Background

Diffuse large B-cell lymphoma (DLBCL) is characterized by its aggressive nature and resistance to standard chemotherapy, necessitating the development of new therapeutic approaches. Histone acetylation, a crucial epigenetic modification, is globally decreased in DLBCL. Chidamide, a histone deacetylase (HDACs) inhibitor, has shown promise in certain lymphomas but its effectiveness in DLBCL remains under investigation.

Methods

RNA-seq and gene enrichment analysis were performed to identify chidamide's impact on the biological processes in DLBCL. The key factor influencing chidamide sensitivity was determined through correlation analysis, utilizing gene expression levels from the Cancer Cell Line Encyclopedia and IC50 values of four HDAC inhibitors across multiple cancer cell lines sourced from the Genomics of Drug Sensitivity database. Histone acetylation levels, HAT and HDAC enzyme activity analysis, and co-immunoprecipitation were performed to investigate the underlying mechanism through which BCL6 influences chidamide sensitivity. A search among small molecule drugs in clinical investigation aimed to find drugs inhibiting BCL6 to enhance DLBCL sensitivity to chidamide. Synergy between HDAC and BCL6 inhibition was explored through synergistic effects, ubiquitination, and proteasomal degradation analysis. DLBCL mouse models were utilized to evaluate the therapeutic potential of combining chidamide and lenalidomide in vivo. Additionally, chidamide's effects on macrophage polarization were investigated through RNA-seq analysis of M1, M2, and chidamide-treated M2 macrophages.

Results

Chidamide exhibited potent suppression of DLBCL both in vitro and in vivo (Figure 1A), exerting a significant impact on diverse biological processes in DLBCL. BCL6 inhibited chidamide-induced histone acetylation by recruiting HDACs, leading to drug resistance in DLBCL cells.

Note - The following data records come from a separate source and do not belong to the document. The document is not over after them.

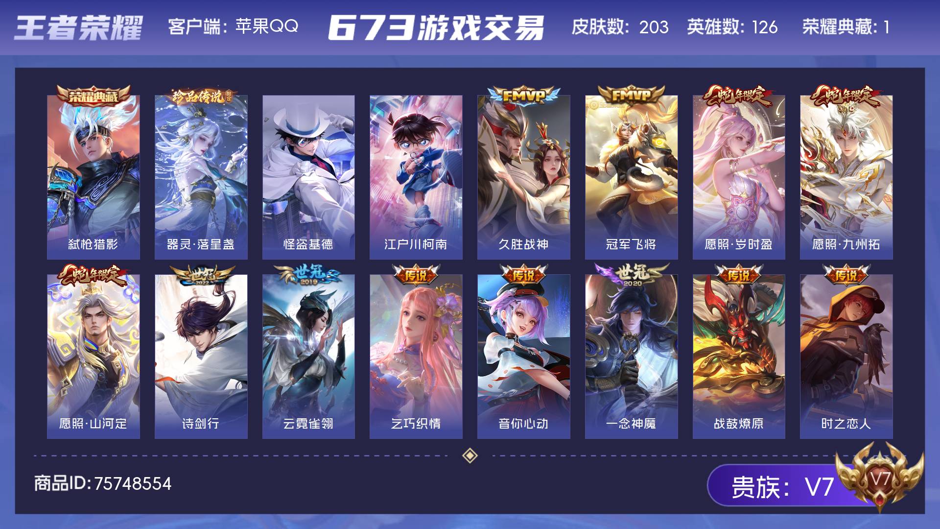 V7 皮肤203 英雄126 永恒钻石 荣耀典藏1 珍品传说3 传说12 其他皮肤193
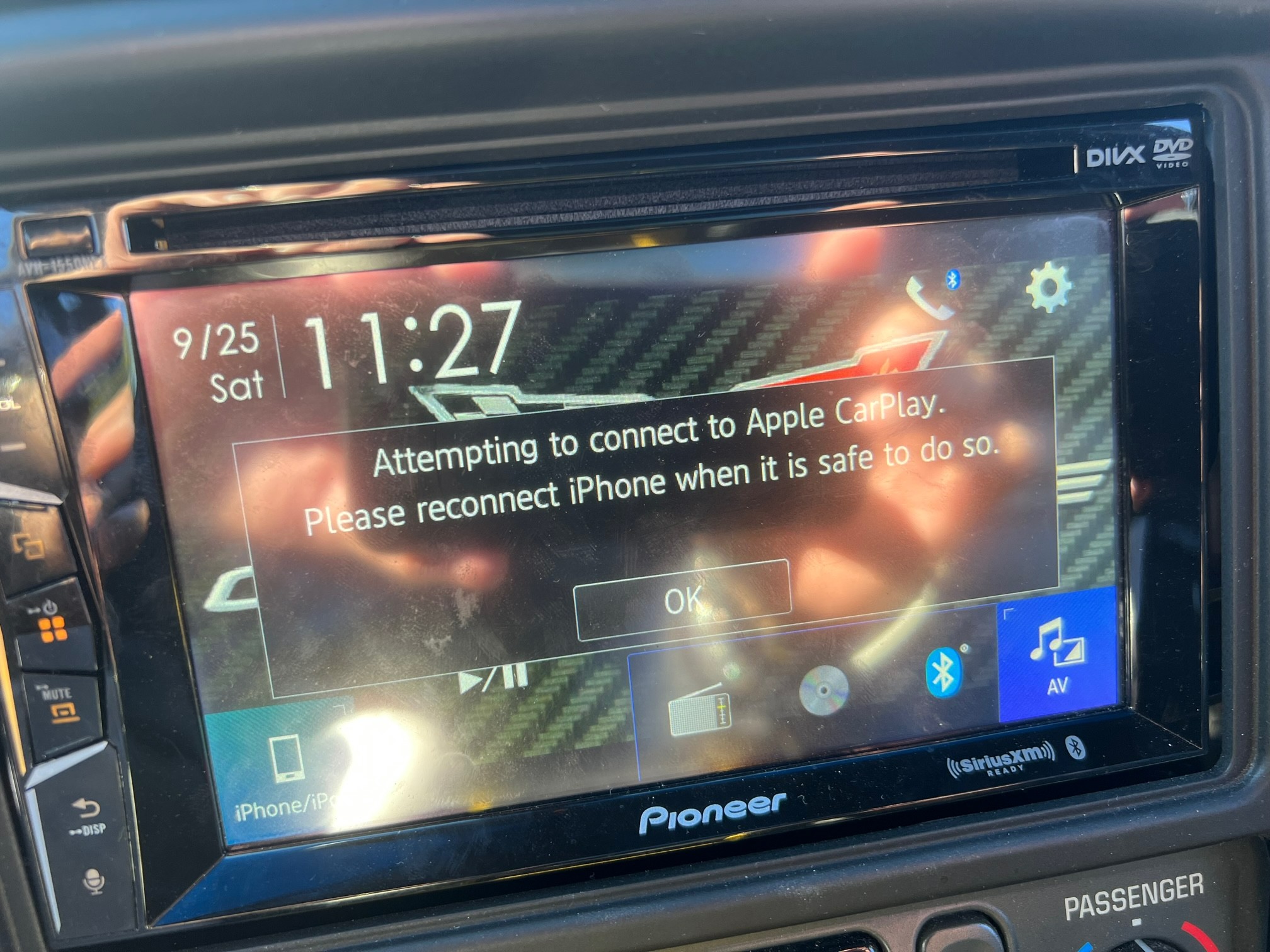I disconnect the cord from iPhone 13 PM the Headunit plays via Bluetooth only. Strange I get this message.. see photo. So no Carplay just Bluetooth. I get calls via Bluetooth at this time. I rebooted and reset the head unit and iPhone. I have the latest Firmware from Pioneer.
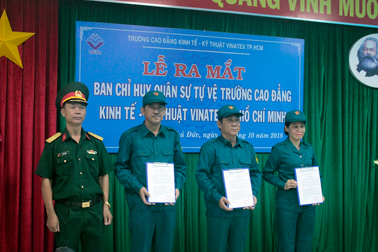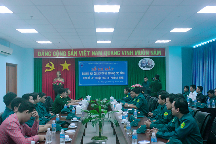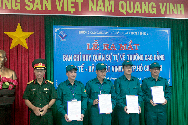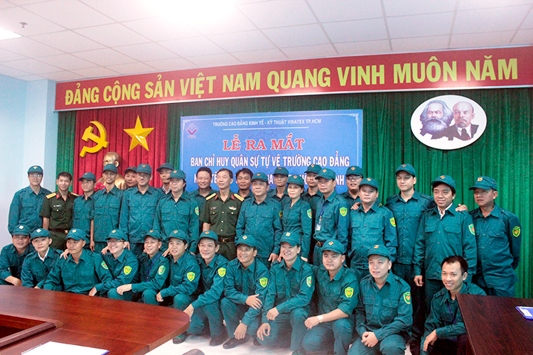Lễ công bố quyết định thành lập và ra mắt Ban chỉ huy quân sự và lực lượng tự vệ Trường Cao đẳng Kinh tế – Kỹ thuật Vinatex TP. Hồ Chí Minh diễn ra thành công tốt đẹp. Sự kiện này một lần nữa khẳng định vai trò, trách nhiệm của nhà trường trong sự nghiệp chung, sự nghiệp bảo vệ và xây dựng đất nước trong tình hình mới.
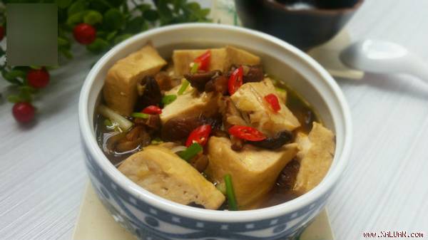 Đậu phụ cắt miếng vuông vừa ăn. Nấm hương ngâm nước nóng cho nở rồi rửa lại cho sạch, sau đó cắt lát.
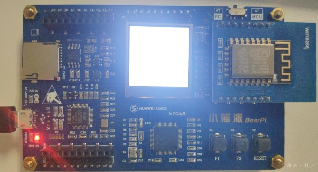 首先将ESP8266插上小熊派开发板通过USB线与PC机连接,将AT拨码开关拨到AT<->PC一侧,具体如下图。
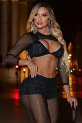 Conjunto Black Glam com top e calça em tule com bojos, adornado com detalhes em hot fix para um brilho sofisticado. Perfeito para quem busca elegância e um toque de glamour no visual.
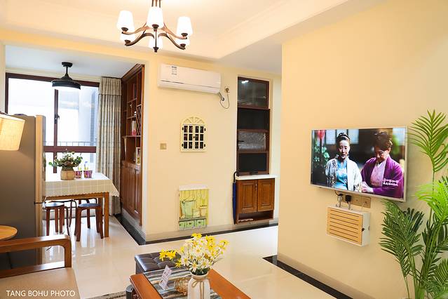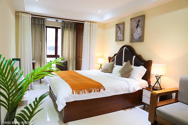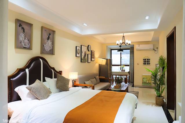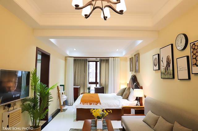 拉着行李上了电梯到了门口,输入电子密码,门就开了,当我打开民宿的那一瞬间被惊喜到了,一股清香的味道扑面而来,是我喜欢的民宿,一进民宿最让我看到的是旁边的厨房,然后就是到达客厅,宽敞的客厅,灯光明亮,再走近去一张超大的床,被套摸上去舒服。再往最里面走去就是小小的书房了,旁边阳台变成以了水池,开出来的水就是温泉。
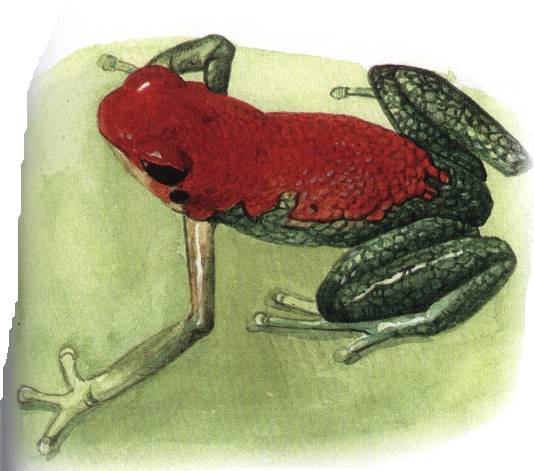 身长只有2-4厘米。眼甚大,带黑色。指、趾间均无蹼。体色十分艳丽,皮肤腺发达,分泌液中富有独特的生物碱,毒液能使人麻痹,甚至丧命。很久以前,南美洲雨林中的印地安人便把这种毒液收集起来,涂在箭头上,用以制故。箭毒蛙的这种分泌液带有鲜艳的颜色,用来吓唬天敌,这也是它的自卫方法。
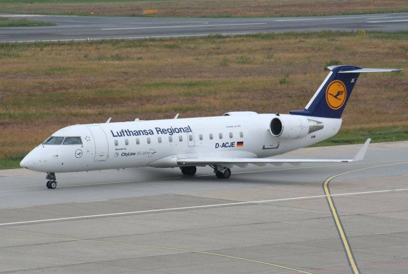 Lufthansa-Regional(City-Line) Canadair Regjet CRJ200LR D-ACJE mit Sticker "50 Jahre City-Line" am 28.06.2009 auf dem Flughafen Berlin-Tegel
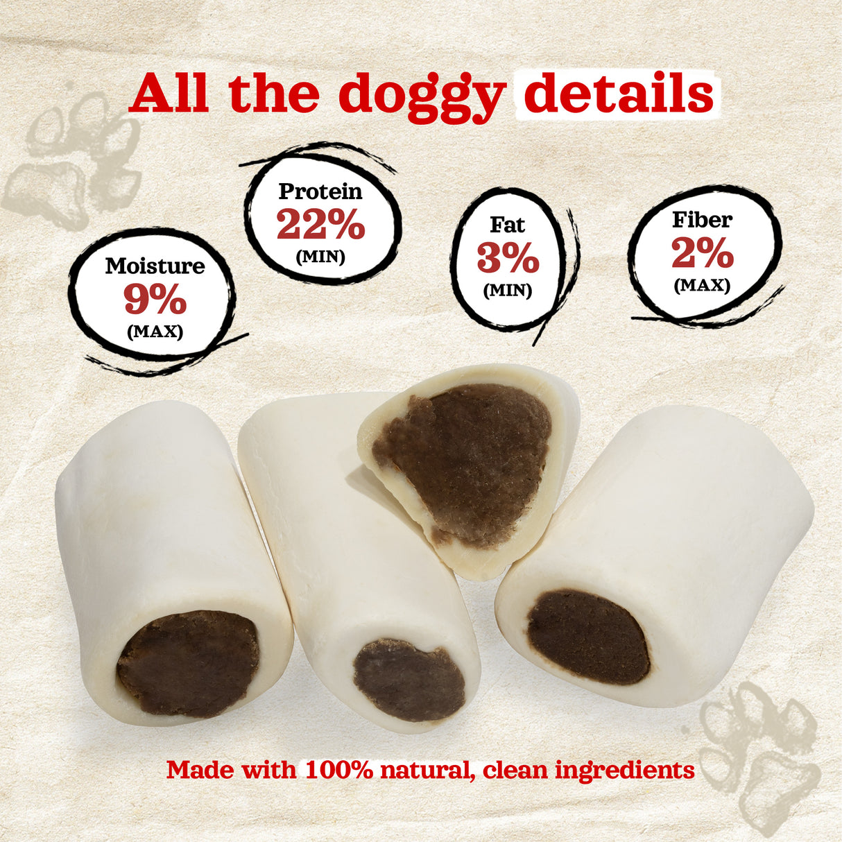- Limited ingredients: Natural beef femur bone stuffed with bacon & cheese filling

Lenalidomide could target BCL6 degradation through the ubiquitination pathway and restored the sensitivity of drug-resistant DLBCL to chidamide (Figure 1B). Additionally, chidamide had an impact on the tumor microenvironment. Chidamide inhibited the activity of M2-like tumor-associated macrophages and redirected the polarization of macrophages toward the M1 phenotype. Moreover, we conducted a single-arm multicenter clinical trial to evaluate the safety and efficacy of chidamide in combination with lenalidomide in DLBCL.

Conclusions

These findings highlighted HDACs as a viable therapeutic strategy for DLBCL, providing valuable insights into chidamide's global impact on the disease. Furthermore, BCL6 was a pivotal determinant of chidamide sensitivity and a reliable biomarker for treatment response. Integrating HDAC and BCL6 inhibition held potential for personalized and effective DLBCL treatments.

No relevant conflicts of interest to declare.